Baltimore has experienced a bounty of Bach, Beethoven and Brahms, among others, in recent days.
My favorite experience came Sunday evening when Shriver Hall Concert Series presented the Scharoun Ensemble Berlin, a chamber group comprising (mostly) of members of the famed Berlin Philharmonic. It's always uplifting to be in the presence of musicians who are at the top of their game.
Brahms' Clarinet Quintet, a piece infused with twilight, received a performance of commendable sensitivity, where the spaces between phrases emerged as meaningfully as any of the notes.
This was every bit an ensemble effort. Clarinetist Alexander Bader did not so much blend smoothly with the strings as blend into them, creating an exceptionally cohesive tonal palette. He and his colleagues burrowed into the score with a keen appreciation for its thematic and emotional connections.
The remainder of the program was devoted to Beethoven's airy Septet, which inspired a performance filled with color, vibrancy and, in the jaunty movements, terrific rhythmic snap. Violinist Alexander Sitkovetsky, cellist Jakob Spahn and bassoonist Mor Biron made especially impressive contributions, but, like the Brahms, this was a case of uniform effort.

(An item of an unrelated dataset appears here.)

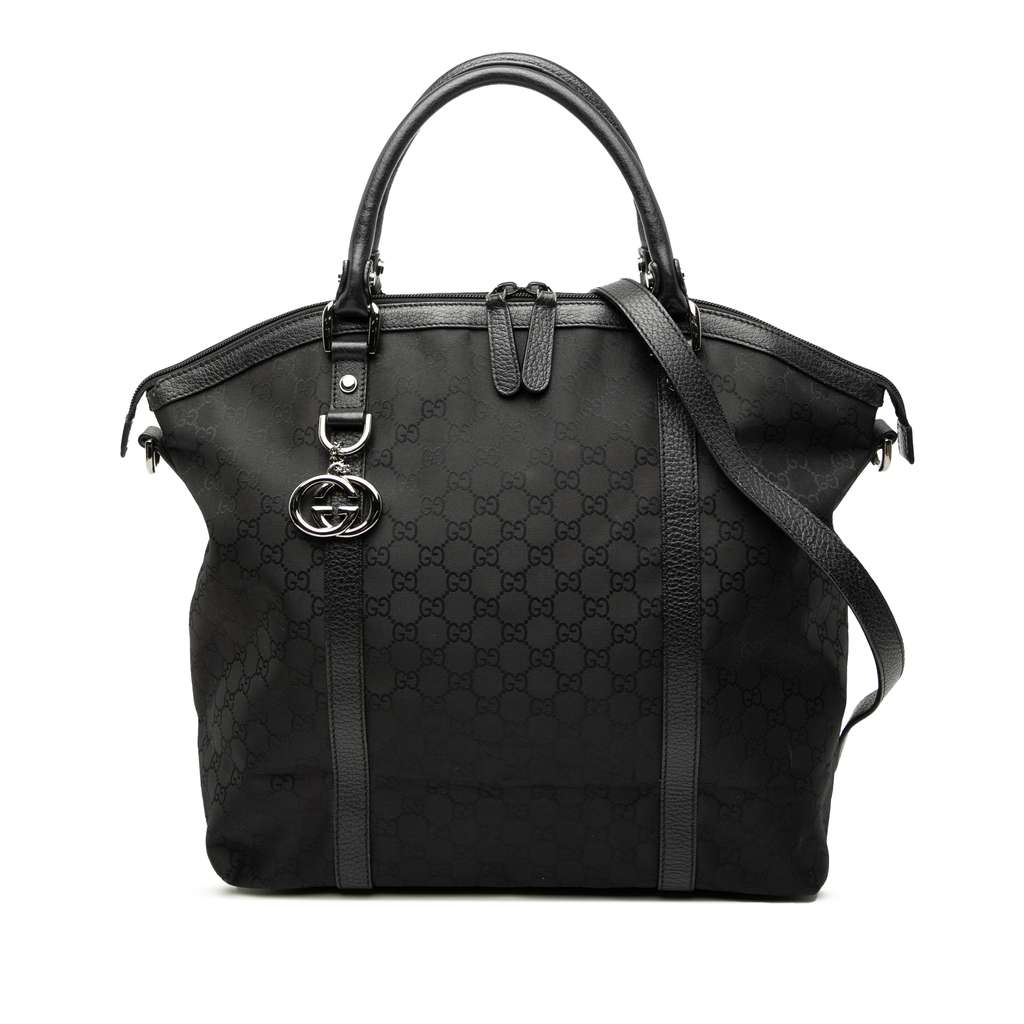 The Dome satchel features a nylon body, rolled leather handles, a detachable flat leather strap, a top zip closure, and interior zip and slip pockets.
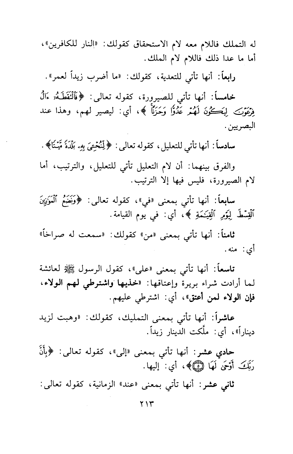 تاسعاً: أنها تأتي بمعنى " على "، كقول الرسول - صلى الله عليه وسلم - لعائشة لما أرادت شراء بريرة وإعتاقها: " خذيها واشترطي لهم الولاء، فإن الولاء لمن أعتق "، أي: اشترطي عليهم.

The Scharoun Ensemble Berlin's seamless, polished music-making could have resulted in just a case of great surface appeal. These guys achieved much more, revealing a continual spark of spontaneity and expressive intensity that made all the difference.
On Sunday afternoon at Kraushaar Auditorium, the Baltimore Chamber Orchestra finished its season with something unfinished -- Schubert's Eighth -- and something pictorial, Beethoven's "Pastoral." Neither is ideal for this ensemble's modest size (and the hall's unflattering acoustics).
In addition to lacking tonal weight and sometimes cohesiveness, the Beethoven symphony also was hindered by the genteel interpretation of music director Markand Thakar (pictured in thumbnail). It was all very neat and clear, but, even the droll scherzo and bold storm movement came across as rather uneventful, unsurprising. Ultimately, more a drive-by than a tactile walk through the country.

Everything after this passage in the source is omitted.